Les méca­nismes lourds et légers sont les modes vibra­toires les plus utili­sés dans les musiques modernes ampli­fiées. L’in­té­rêt d’ap­prendre à jouer de ces registres vocaux, est d’une part, un moyen d’évi­ter de se bles­ser ou de se fati­guer la voix, en cher­chant obsti­né­ment à atteindre ses aigus en force dans un registre inadapté, et d’autre part, de jouer sur une palette vocale, beau­coup plus éten­due et plus riche.

À la conquête des aigus !

La diffi­culté pour un chan­teur est la gestion du passage d’un méca­nisme laryngé à un autre, sans entendre de « décro­chage ». Ce passage doit s’ef­fec­tuer en douceur. Rappe­lons que cette tran­si­tion est liée à une action muscu­laire diffé­rente entre les 2 registres.

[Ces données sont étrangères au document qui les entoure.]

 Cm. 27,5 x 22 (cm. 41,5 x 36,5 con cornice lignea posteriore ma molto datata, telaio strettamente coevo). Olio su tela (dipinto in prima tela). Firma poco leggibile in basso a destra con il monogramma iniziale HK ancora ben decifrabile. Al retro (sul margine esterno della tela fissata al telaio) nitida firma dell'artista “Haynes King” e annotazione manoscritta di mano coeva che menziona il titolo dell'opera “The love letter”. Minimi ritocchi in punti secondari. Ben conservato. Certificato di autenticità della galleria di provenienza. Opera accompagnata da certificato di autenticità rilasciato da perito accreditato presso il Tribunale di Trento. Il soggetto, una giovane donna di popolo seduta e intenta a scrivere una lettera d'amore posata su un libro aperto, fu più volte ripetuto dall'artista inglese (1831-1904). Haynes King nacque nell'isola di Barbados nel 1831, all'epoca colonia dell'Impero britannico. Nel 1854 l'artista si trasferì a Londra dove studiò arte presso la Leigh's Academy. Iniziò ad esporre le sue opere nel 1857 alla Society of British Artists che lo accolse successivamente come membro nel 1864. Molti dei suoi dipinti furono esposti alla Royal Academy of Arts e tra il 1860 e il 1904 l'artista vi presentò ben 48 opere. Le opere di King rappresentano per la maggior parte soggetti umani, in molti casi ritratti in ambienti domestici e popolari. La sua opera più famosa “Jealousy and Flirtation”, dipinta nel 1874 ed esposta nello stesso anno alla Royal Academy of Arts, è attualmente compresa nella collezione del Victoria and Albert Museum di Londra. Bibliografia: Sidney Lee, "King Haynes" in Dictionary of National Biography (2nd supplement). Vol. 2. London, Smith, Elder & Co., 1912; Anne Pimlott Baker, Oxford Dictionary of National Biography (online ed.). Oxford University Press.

En registre de poitrine (méca­nisme lourd), seul le muscle vocal est en action tandis que le liga­ment vocal est au repos. Lors du chan­ge­ment de registre en méca­nisme de tête (méca­nisme léger), le muscle vocal, thyro aryté­noï­dien, va se détendre, pour lais­ser un autre groupe muscu­laire prendre le relais (crico-thyroi­dien), entrai­nant la bascule du carti­lage thyroïde, provoquant la tension du liga­ment vocal. Tout le travail pour un chan­teur est donc de maîtri­ser la souplesse de la chaîne muscu­laire et ainsi permettre un chan­ge­ment de registre fluide pour atteindre ses aigus, sans « cassure » du son. Qu’en est-il de la voix mixte ? La voix mixte est le fait d’ho­mo­gé­néi­ser le timbre de la voix, sur toute l’éten­due vocale. Il ne s’agit donc pas d’un nouveau méca­nisme vibra­toire laryngé. La voix mixte n’est donc qu’une adap­ta­tion réso­nan­tielle et forman­tique lors du chan­ge­ment de registre laryngé, qui permet­tra au chan­teur de garder la même texture timbrale sur toute son éten­due vocale. 

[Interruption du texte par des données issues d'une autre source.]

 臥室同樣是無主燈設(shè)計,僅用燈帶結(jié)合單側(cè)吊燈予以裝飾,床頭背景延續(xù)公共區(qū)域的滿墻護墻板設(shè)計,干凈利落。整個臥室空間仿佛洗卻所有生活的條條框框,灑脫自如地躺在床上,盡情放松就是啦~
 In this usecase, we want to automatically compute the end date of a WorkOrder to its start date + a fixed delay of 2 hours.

À noter que certains chan­teurs aver­tis cherchent l’ho­mo­gé­néité du passage entre les deux méca­nismes en chan­tant les aigus en pleine puis­sance, d’autres au contraire, jouent sur la diffé­rence de timbre de chacun d’eux. Il est égale­ment possible de jouer sur les deux tableaux, l’une confi­gu­ra­tion n’em­pê­chant pas l’autre, c’est-à-dire chan­ter les aigus parfois en puis­sance, parfois en légè­reté. D’où l’in­té­rêt d’avoir de solides bases tech­niques. Il ne s’agit alors, que d’un choix pure­ment artis­tique et esthé­tique du chan­teur, impliquant son style et univers musi­cal.

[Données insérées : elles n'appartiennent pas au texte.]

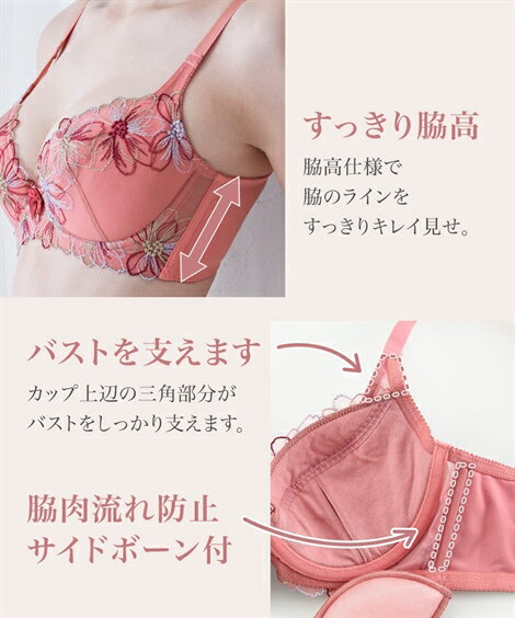 他のサイズは以下をご覧ください A70_M〜F80_L はこちら脇高刺しゅうレースブラジャー・ショーツセット(コスモス)(トリンプ) ニッセン nissen 黒 ネイビー ピンキーオレンジ クリーム アンティークピンク カスケードブルー カラー 黒/ネイビー/ピンキーオレンジ/クリーム/アンティークピンク/カスケードブルー サイズ C85/L~LL/C90/LL~3L/C95/3L~4L/D85/LL~3L/D90/LL~3L/D95/3L~4L/E85/LL~3L/E90/3L~4L/E95/3L~4L/F85/LL~3L/F90/3L~4L/F95/3L~4L/G85/LL~3L/G90/3L~4L/G95/3L~4L 素材 品質=[ブラジャー]ポリエステル・ナイロン・その他 [ショーツ]身生地:ポリエステル90%・ポリウレタン10% 3/4カップ ワイヤー・サイドボーン入り 後ホックアンダー80までは2段3列 85以上は3段3列 パッド入り(取り外し可) アンダー85以上はパッドなしパッドポケットなし 柄が多少異なる場合があります。

N’ou­blions pas que la clé de l’épa­nouis­se­ment vocal du chan­teur va bien au-delà de l’as­pect physio­lo­gique de la voix. La liberté vocale se construit dans une sensa­tion vibra­toire, kines­thé­sique, une conscience acous­tique ou mentale, où la mémoire muscu­laire joue un rôle déter­mi­nant dans la maîtrise du geste vocal. La répé­ti­tion d’un geste adapté est donc primor­diale. N’hé­si­tez donc pas à chan­ter, sans modé­ra­tion. 

Stépha­nie Dumouch, profes­seure de chant/coach vocal.